If that's the case, show that
$f^{-1}(e_1)=\begin{cases} e_1+\sum_{k=1}^m (-1)^k(e_{3k}+e_{3k+1}) & \mbox{if } n=3m+1 \\ \sum_{k=1}^m (-1)^k(e_{3k-1}+e_{3k}) & \mbox{if } 2 \le i \le n-1 \end{cases}$
I've already proved that f is bijective iff $n \equiv 0,1 \mod3$, and now I'm proving the second part, with the case $n=3m+1$. Here's what I do.

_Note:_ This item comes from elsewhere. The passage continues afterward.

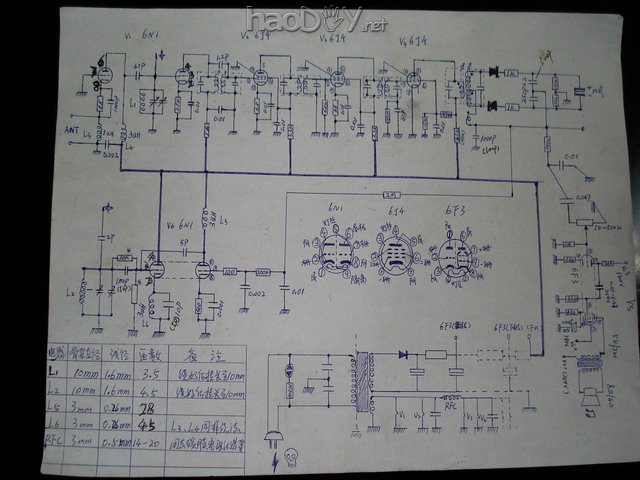 经过努力,小弟的FM基本收尾了,能收到本地几个强台,感觉成功但不完美,因为离自己的要求还有差距,所以发个视频上来让大家参详一下,如果大家觉得比较满意的话,那么我把所知道的都发上来共同学习,如果相差太远,那我就先放下,待老师同学有好的经验,我再继续改进 ,机器为6管,AFC没装.从头到尾:6N3---6J4---6J4---6J4--6F3----------6N3,频率覆盖可达18MHZ,最高本振频率可达110MHZ. 高放-混频--中放1-中放2-限幅放大--电压/低频放大 | AFC/本振 今天上视频之后一直开了4小时,可靠性尚可,一个星期内上图和资料,请关注的朋友等待. 我先上图片:首先是电路图,这里有张原图,然后考虑到灵敏度的问题,在参考了其他图纸之后再拼凑成现在的工作图,在调试的过程中又更改了小部分,本振改成YCCUI的调屏式.大型元件买回来后尝试几种摆位,取最紧凑而又合理的摆位,最后定下机器低盆的尺寸,面积约A4纸大小,高12CM,宽31CM,深21CM,到加工店买些边角料,找做坊开料折边,回来之后用手摇转和大小杂锦挫刀开出所有大小方孔圆孔,部分锣丝孔攻了牙,后面是用肥藻水清洁,沙纸打磨后用稍粗沙纸拉丝,绝对干躁后找个无风的日子喷多次清漆就成,如果要写字,就要喷漆前写上,喷漆后就很牢固了.我面板上的标识是用小铜线屈折之后用胶水粘上去的,喷漆之后一般擦拭是无问题的.

Supose that $n=3m+1$. Using the definition of f:
$f(e_1+\sum_{k=1}^m (-1)^k(e_{3k}+e_{3k+1}))=\\ =f(e_1)+\sum_{k=1}^{m-1}(-1)^kf(e_{3k}+e_{3k+1})+(-1)^mf(e_{3m})+(-1)^mf(e_{3m+1})\\ =e_1-e_2+\sum_{k=1}^{m-1}(-1)^k(-e_{3k_1}-e_{3k+2})+(-1)^m(-e_{3m-1})$
From here I don't know how to continue.
Note that a lot of terms cancel due to the alternating sign: $$ \sum_{k=1}^{m-1} (-1)^k( -e_{3k-1} - e_{3k+2} ) = e_2 - (-1)^{m-1} e_{3m-1} = e_2 +(-1)^me_{3m-1}. $$ Then $$ f(e_1 + \sum(\dots)) = e_1. $$